=== MATERIAL PROVIDED ===

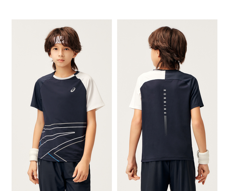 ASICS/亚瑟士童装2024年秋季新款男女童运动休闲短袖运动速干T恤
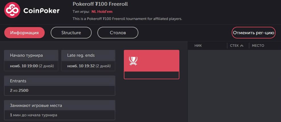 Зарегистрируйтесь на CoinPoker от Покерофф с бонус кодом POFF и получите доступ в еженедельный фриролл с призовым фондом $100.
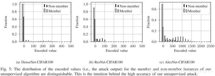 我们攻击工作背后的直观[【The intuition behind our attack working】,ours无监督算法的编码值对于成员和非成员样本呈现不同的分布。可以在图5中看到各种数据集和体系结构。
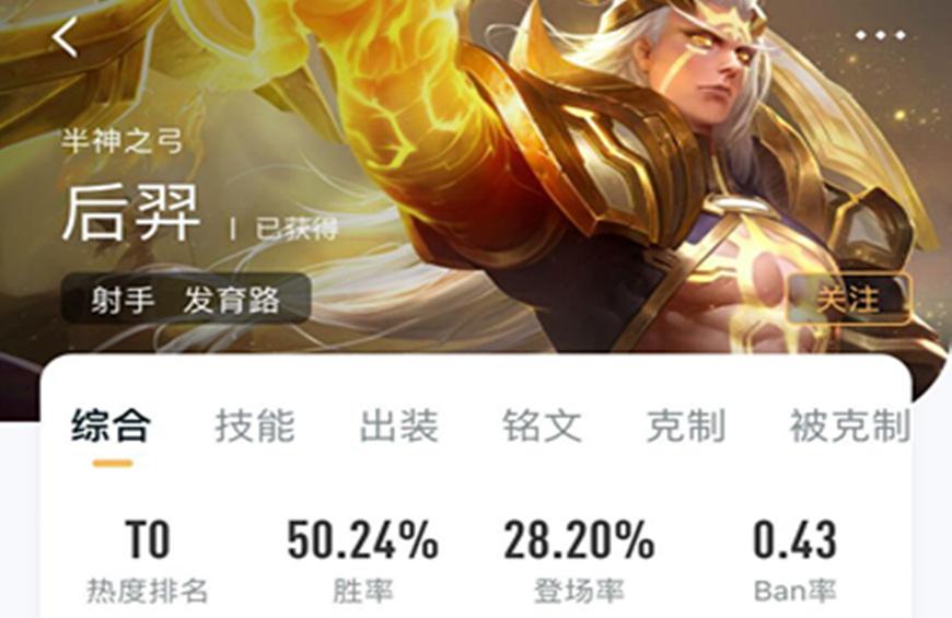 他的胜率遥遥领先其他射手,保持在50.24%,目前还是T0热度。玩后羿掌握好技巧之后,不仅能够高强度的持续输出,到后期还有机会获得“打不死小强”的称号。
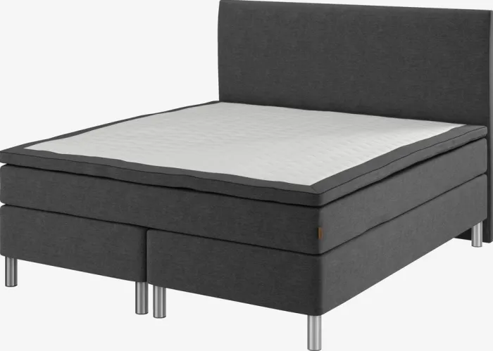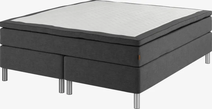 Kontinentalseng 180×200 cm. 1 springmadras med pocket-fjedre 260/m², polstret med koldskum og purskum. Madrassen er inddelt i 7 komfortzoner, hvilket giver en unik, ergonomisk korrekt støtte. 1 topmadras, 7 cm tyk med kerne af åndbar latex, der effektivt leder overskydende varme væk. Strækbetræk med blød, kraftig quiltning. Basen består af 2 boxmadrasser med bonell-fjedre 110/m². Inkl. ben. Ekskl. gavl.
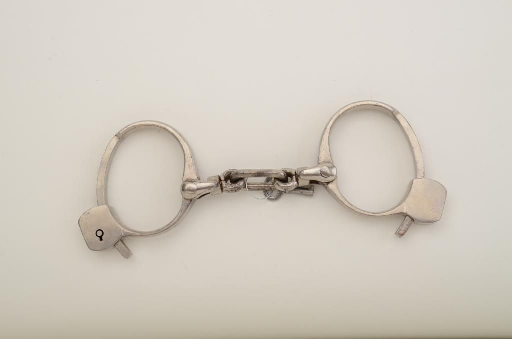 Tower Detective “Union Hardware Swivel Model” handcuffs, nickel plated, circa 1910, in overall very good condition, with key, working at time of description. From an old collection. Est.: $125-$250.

===
=== MATERIAL PROVIDED ===

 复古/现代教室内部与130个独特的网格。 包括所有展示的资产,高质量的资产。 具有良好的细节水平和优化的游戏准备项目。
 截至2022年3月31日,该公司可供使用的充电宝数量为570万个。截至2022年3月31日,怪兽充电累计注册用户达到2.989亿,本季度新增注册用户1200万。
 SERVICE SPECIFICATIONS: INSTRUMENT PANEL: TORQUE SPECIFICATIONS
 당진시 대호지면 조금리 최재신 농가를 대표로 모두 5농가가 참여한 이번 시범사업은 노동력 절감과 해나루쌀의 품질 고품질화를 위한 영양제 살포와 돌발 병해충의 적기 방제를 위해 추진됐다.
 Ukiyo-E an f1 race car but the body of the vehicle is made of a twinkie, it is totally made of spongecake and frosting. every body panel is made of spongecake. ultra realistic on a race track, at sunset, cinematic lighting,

===

*BRIEF*
Pictures aside, print exactly the lines above starting with the one containing "ASICS/亚瑟士童装2024年秋季新款男女童运动休闲短袖运动速干T恤" and going on through the one containing "他的胜率遥遥领先其他射手,保".

*WORKED SOLUTION*
 ASICS/亚瑟士童装2024年秋季新款男女童运动休闲短袖运动速干T恤
 Зарегистрируйтесь на CoinPoker от Покерофф с бонус кодом POFF и получите доступ в еженедельный фриролл с призовым фондом $100.
 我们攻击工作背后的直观[【The intuition behind our attack working】,ours无监督算法的编码值对于成员和非成员样本呈现不同的分布。可以在图5中看到各种数据集和体系结构。
 他的胜率遥遥领先其他射手,保持在50.24%,目前还是T0热度。玩后羿掌握好技巧之后,不仅能够高强度的持续输出,到后期还有机会获得“打不死小强”的称号。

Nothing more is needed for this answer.